Assuming our file name is "test.py"

Basic Tuples Operations

Tuples respond to the + and * operators much like strings; they mean concatenation and repetition here too, except that the result is a new tuple, not a string.

In fact, tuples respond to all of the general sequence operations we used on strings in the prior chapter.

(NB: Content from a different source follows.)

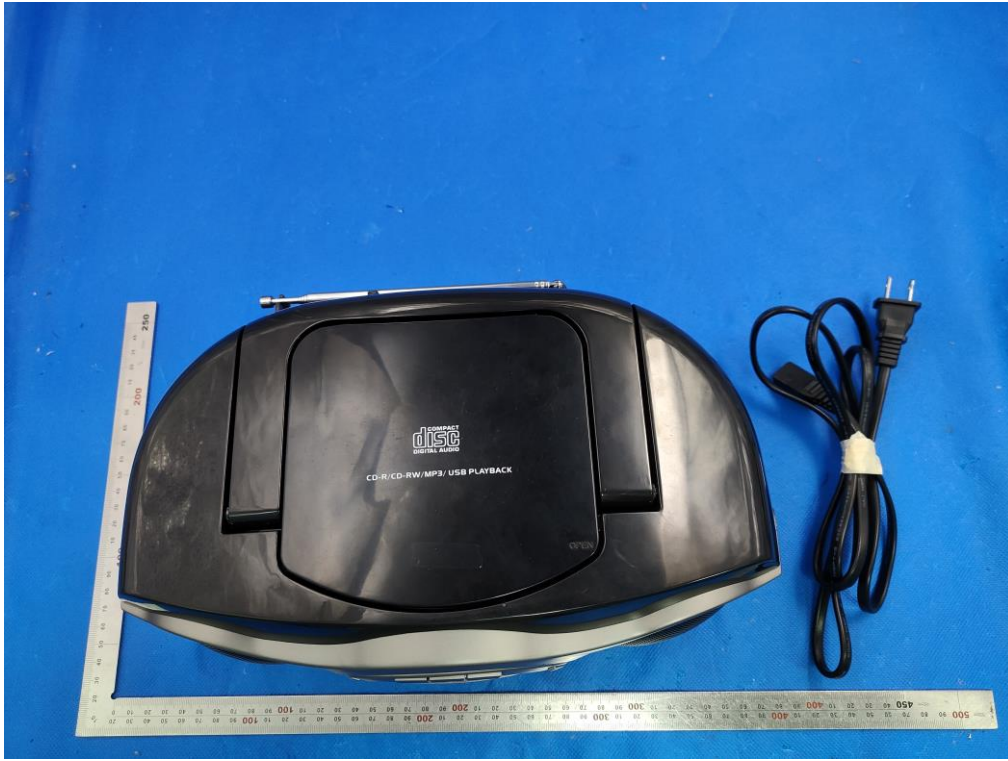
TOP VIEW OF EUT

- len((1, 2, 3)) which results to 3 used to test Length
- (1, 2, 3) + (4, 5, 6)which results to(1, 2, 3, 4, 5,6) and is used to test Concatenation
- ('Hi!',) * 4 which results to('Hi!', 'Hi!', 'Hi!', 'Hi!') and is used to test Repetition
- 3 in (1, 2, 3) which results to True and is used to test Membership
- for x in (1, 2, 3): print x which results to 1 2 3 and is used to test Iteration

## Sets

Set is a mutable and unordered collection of unique elements. It can permit us to remove duplicate quickly from a list.The sets in python are typically used for mathematical operations like union, intersection, difference and complement etc.

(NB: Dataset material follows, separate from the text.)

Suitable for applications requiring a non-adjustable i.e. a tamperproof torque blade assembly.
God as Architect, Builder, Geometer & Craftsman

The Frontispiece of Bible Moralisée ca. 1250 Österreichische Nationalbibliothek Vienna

A Python set is similar to this mathematical definition with below additional conditions:

*The elements in the set cannot be duplicates.

*The elements in the set are immutable(cannot be modified) but the set as a whole is mutable.

*There is no index attached to any element in a python set. So they do not support any indexing or slicing operation.

Creating a set

A set is created by using the set() function or placing all the elements within a pair of curly braces.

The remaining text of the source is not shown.